§ **The data**:
__________________________________________________

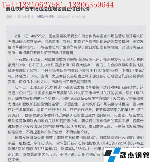 2月14日,中鋼協(xié)官微發(fā)布《要讓鐵礦石市場(chǎng)違法違規(guī)者真正付出代價(jià)》的文章,文章措辭嚴(yán)厲,強(qiáng)勢(shì)打壓。文章指出:我們有理由相信,國(guó)家發(fā)展改革委此次的一系列行動(dòng),必然會(huì)讓違法違規(guī)的投機(jī)鉆營(yíng)者真正付出代價(jià)。我們期待,鐵礦石市場(chǎng)自此回歸理性。
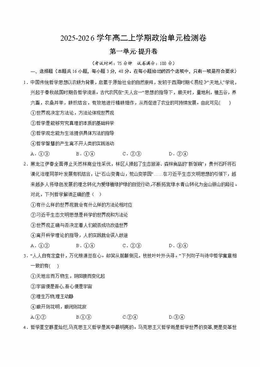 第一单元 探索世界与把握规律(单元测试·提升卷)(考试版A4)
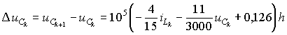 Применение явного метода Эйлера к полученным ранее уравнениям состояния (Задача 14.1) сводится к последовательному вычислению приращений переменных состояния:
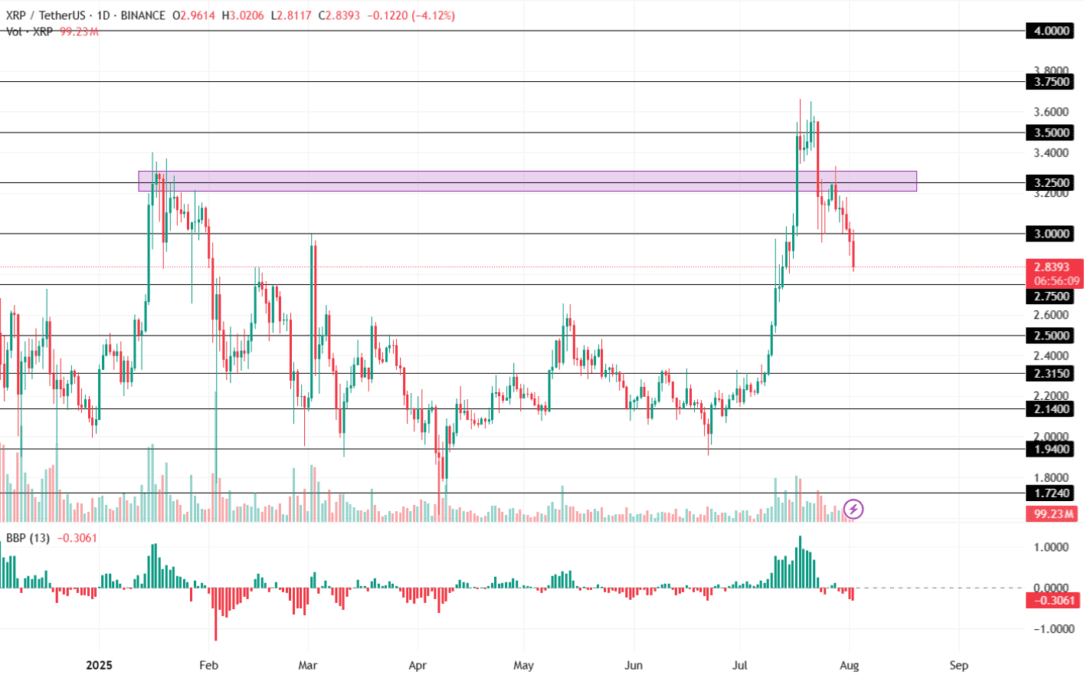 ریپل (XRP) در مقایسه با BTC و ETH نوسانات شدیدتری را تجربه کرده است. قیمت فعلی XRP حدود ۲.۸۵ دلار است که نسبت به روز قبل تقریباً ۵٪ کاهش داشته است. این در حالی است که طی یک ماه گذشته، XRP بیش از ۲۵٪ رشد کرده بود و تا ۳.۸۴ دلار نیز صعود کرده بود.

__________________________________________________

§ **Description of the task**: What you return should be all of the material above, exactly, and none of its pictures.

§ **Result of the exercise**:
 2月14日,中鋼協(xié)官微發(fā)布《要讓鐵礦石市場(chǎng)違法違規(guī)者真正付出代價(jià)》的文章,文章措辭嚴(yán)厲,強(qiáng)勢(shì)打壓。文章指出:我們有理由相信,國(guó)家發(fā)展改革委此次的一系列行動(dòng),必然會(huì)讓違法違規(guī)的投機(jī)鉆營(yíng)者真正付出代價(jià)。我們期待,鐵礦石市場(chǎng)自此回歸理性。
 第一单元 探索世界与把握规律(单元测试·提升卷)(考试版A4)
 Применение явного метода Эйлера к полученным ранее уравнениям состояния (Задача 14.1) сводится к последовательному вычислению приращений переменных состояния:
 ریپل (XRP) در مقایسه با BTC و ETH نوسانات شدیدتری را تجربه کرده است. قیمت فعلی XRP حدود ۲.۸۵ دلار است که نسبت به روز قبل تقریباً ۵٪ کاهش داشته است. این در حالی است که طی یک ماه گذشته، XRP بیش از ۲۵٪ رشد کرده بود و تا ۳.۸۴ دلار نیز صعود کرده بود.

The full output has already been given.